■ WHAT THE TASK REQUIRES:
Word for word, restate the lines of the data below between those holding "A Sundance favorite" and "A bit of a bunker-like", inclusive; pictures do not belong in the copy.

■ RECORDS FOR PROCESSING:

*** Begin section ***

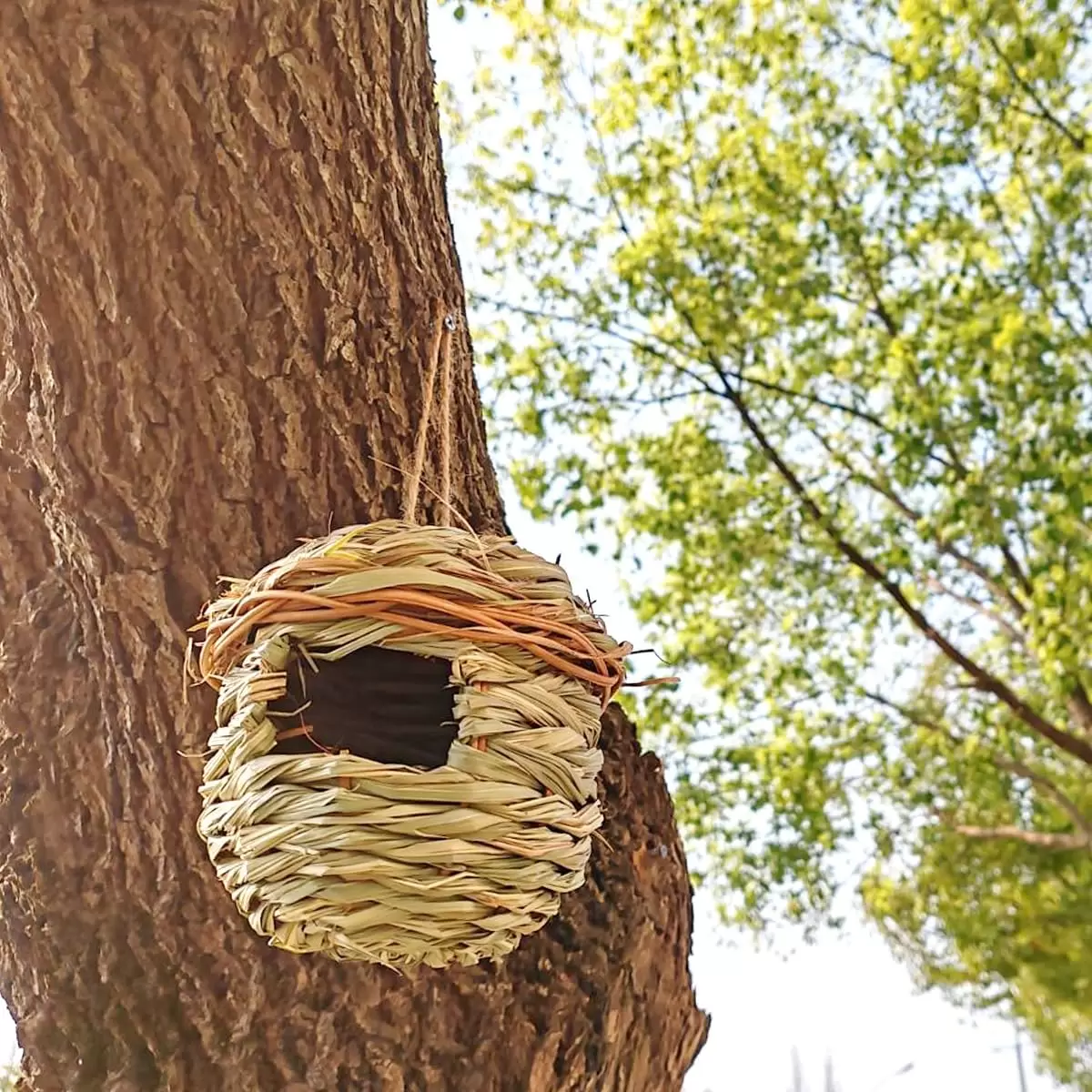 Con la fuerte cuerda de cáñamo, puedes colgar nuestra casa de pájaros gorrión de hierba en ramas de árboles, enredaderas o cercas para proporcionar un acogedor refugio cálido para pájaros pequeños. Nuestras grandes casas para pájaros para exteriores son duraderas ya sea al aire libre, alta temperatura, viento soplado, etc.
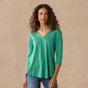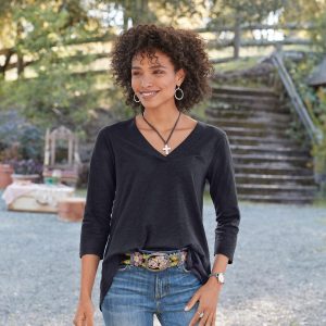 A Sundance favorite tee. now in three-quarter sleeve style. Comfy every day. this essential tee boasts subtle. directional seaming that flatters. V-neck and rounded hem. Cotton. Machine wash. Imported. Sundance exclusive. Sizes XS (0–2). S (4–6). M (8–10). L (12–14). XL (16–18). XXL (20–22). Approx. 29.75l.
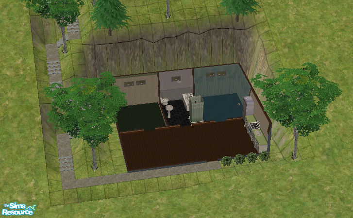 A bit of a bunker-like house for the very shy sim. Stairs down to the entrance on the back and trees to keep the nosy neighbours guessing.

*** End section ***
*** Begin section ***

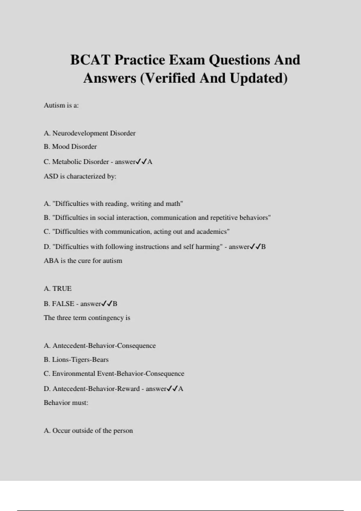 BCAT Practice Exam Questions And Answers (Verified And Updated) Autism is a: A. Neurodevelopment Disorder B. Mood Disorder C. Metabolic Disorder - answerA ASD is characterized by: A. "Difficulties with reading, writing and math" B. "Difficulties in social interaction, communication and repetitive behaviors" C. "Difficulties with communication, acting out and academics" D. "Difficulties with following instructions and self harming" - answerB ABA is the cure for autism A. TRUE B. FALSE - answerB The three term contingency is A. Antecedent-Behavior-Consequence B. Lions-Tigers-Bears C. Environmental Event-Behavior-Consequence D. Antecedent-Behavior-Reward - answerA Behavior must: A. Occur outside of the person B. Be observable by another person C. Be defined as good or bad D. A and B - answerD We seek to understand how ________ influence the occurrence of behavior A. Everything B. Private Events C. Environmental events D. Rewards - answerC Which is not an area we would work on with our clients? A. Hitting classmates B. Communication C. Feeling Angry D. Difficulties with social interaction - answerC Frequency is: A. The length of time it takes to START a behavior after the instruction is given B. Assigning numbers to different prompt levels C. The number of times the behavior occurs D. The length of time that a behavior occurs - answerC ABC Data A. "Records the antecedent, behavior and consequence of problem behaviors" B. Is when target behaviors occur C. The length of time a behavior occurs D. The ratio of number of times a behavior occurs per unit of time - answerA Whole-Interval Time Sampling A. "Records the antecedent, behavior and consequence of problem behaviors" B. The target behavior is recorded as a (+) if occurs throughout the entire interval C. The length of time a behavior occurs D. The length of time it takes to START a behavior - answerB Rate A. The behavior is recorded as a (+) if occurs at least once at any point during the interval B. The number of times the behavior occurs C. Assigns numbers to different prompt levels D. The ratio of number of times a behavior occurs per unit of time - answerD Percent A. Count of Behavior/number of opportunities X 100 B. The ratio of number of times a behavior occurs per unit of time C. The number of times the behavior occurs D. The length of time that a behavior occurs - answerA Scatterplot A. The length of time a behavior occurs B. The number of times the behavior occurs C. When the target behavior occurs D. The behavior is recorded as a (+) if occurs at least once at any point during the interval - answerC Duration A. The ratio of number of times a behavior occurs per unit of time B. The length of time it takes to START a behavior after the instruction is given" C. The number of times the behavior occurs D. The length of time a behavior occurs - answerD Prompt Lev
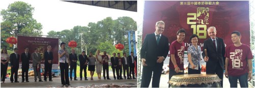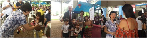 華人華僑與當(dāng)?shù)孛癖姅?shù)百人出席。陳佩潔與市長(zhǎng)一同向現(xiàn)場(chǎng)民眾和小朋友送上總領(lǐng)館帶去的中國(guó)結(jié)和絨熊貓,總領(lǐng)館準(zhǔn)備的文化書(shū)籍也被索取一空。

*** End section ***

■ PROBLEM SOLUTION:
 A Sundance favorite tee. now in three-quarter sleeve style. Comfy every day. this essential tee boasts subtle. directional seaming that flatters. V-neck and rounded hem. Cotton. Machine wash. Imported. Sundance exclusive. Sizes XS (0–2). S (4–6). M (8–10). L (12–14). XL (16–18). XXL (20–22). Approx. 29.75l.
 A bit of a bunker-like house for the very shy sim. Stairs down to the entrance on the back and trees to keep the nosy neighbours guessing.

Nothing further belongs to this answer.